Machine Learning 简明教程

Machine Learning - Density Plots

密度图是一种用于显示连续变量的概率密度函数的图形。它类似于直方图,但它不使用条形图表示每个值的频率,而是使用平滑曲线表示概率密度函数。x 轴表示变量值的范围,y 轴表示概率密度。

A density plot is a type of plot that shows the probability density function of a continuous variable. It is similar to a histogram, but instead of using bars to represent the frequency of each value, it uses a smooth curve to represent the probability density function. The xaxis represents the range of values of the variable, and the y-axis represents the probability density.

密度图对于识别数据中的模式(例如偏度、模态和离群值)很有用。偏度是指变量分布中不对称的程度。模态是指分布中的峰值数量。离群值是数据点,它们落在变量典型值范围之外。

Density plots are useful for identifying patterns in data, such as skewness, modality, and outliers. Skewness refers to the degree of asymmetry in the distribution of the variable. Modality refers to the number of peaks in the distribution. Outliers are data points that fall outside of the range of typical values for the variable.

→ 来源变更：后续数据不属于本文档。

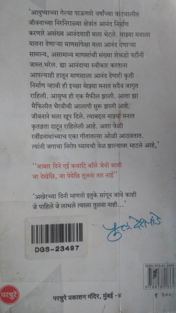 ज्यांनी पुलंचं फक्त विनोदी लिखाण वाचलं आहे त्यांना हे वैचारिक लिखाण पुलंच्या व्यक्तिमत्त्वाचा नवा पैलू दाखवेल. मलाही पुन्हा एकदा प्रकर्षाने जाणवलं की या लिखाणामगे एक संवेदनशील, सर्वसमावेशक, निखळ गुणग्राही व्यक्ती आहे. त्यांचं म्हणणं आहे की प्रत्येक व्यक्तीने आनंद घेत आनंद देत जगलं पाहिजे. धर्म-जात-भाषा-देश-वय-लिंग यांच्या बेड्या घालून घेऊन कुरूप, खुरटं, किरकिरं न जगता “जे जे उत्तम उन्नत महन्मधुर ते ते” शिकण्याचा, बघण्याचा, ऐकणयाचा, खाण्याचा आनंद घेतला पाहिजे, आनंद दिला पाहिजे !
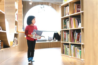 繪本圖書館里,孩子坐在家長身旁,捧著手中的書讀得津津有味。場館設計之初,王慧瑾親自“操刀”,定下了原木簡約風格的主基調(diào),就是為了滿足家長的高品質審美需求,力圖打造一個家長和孩子都可以樂在其中的悠閑天地。
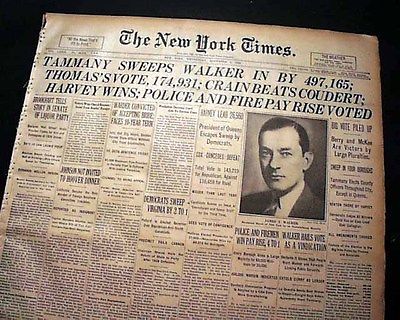 Title (ebay affiliate link): JIMMY WALKER Beau James MAYOR New York City Re-Election Win 1929 NYC Newspaper
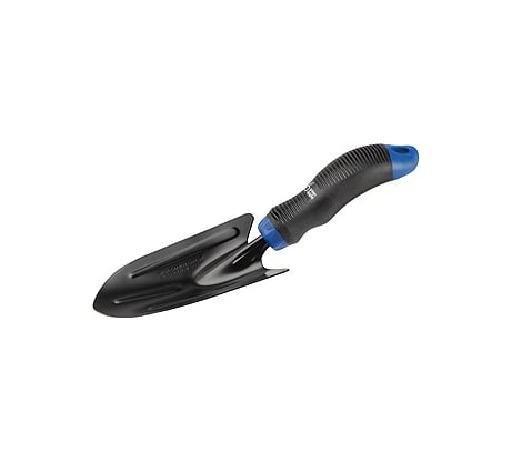 Ухватистая резиновая ручка, крепкий жесткий совок, хорошо покрашен - краска не отскакивает, неплохо очищается от сырой земли.

Python Implementation of Density Plots

Python 提供了几个用于数据可视化的库,例如 Matplotlib、Seaborn、Plotly 和 Bokeh。对于下面给出的示例,我们将使用 Seaborn 来实现密度图。

Python provides several libraries for data visualization, such as Matplotlib, Seaborn, Plotly, and Bokeh. For our example given below, we will use Seaborn to implement density plots.

我们针对此示例从 Sklearn 库使用乳腺癌数据集。乳腺癌数据集包含有关乳腺癌细胞特征的信息,包括其是恶性还是良性的信息。该数据集有 30 项特征和 569 个样本。

We will use the breast cancer dataset from the Sklearn library for this example. The breast cancer dataset contains information about the characteristics of breast cancer cells and whether they are malignant or benign. The dataset has 30 features and 569 samples.

Example

  1. 从导入必要的库和加载数据集开始 −

Let’s start by importing the necessary libraries and loading the dataset −

import matplotlib.pyplot as plt
import seaborn as sns
from sklearn.datasets import load_breast_cancer
data = load_breast_cancer()
  1. 接下来,我们将创建数据集平均半径特征的密度图 −

Next, we will create a density plot of the mean radius feature of the dataset −

plt.figure(figsize=(7.2, 3.5))
sns.kdeplot(data.data[:,0], shade=True)
plt.xlabel('Mean Radius')
plt.ylabel('Density')
plt.show()
  1. 在此代码中,我们使用了 Seaborn 中的 kdeplot() 函数来创建数据集平均半径特征的密度图。我们将 kdeplot() 参数设置为 True 来填充阴影曲线下面区域。我们还使用 xlabel()ylabel() 函数为 x 轴和 y 轴添加了标签。

In this code, we have used the kdeplot() function from Seaborn to create a density plot of the mean radius feature of the dataset. We have set the shade parameter to True to shade the area under the curve. We have also added labels to the x and y axes using the xlabel() and ylabel() functions.

  1. 结果密度图显示了数据集中平均半径值概率密度函数。我们可以看到,数据大致呈正态分布,峰值在 12-14 左右。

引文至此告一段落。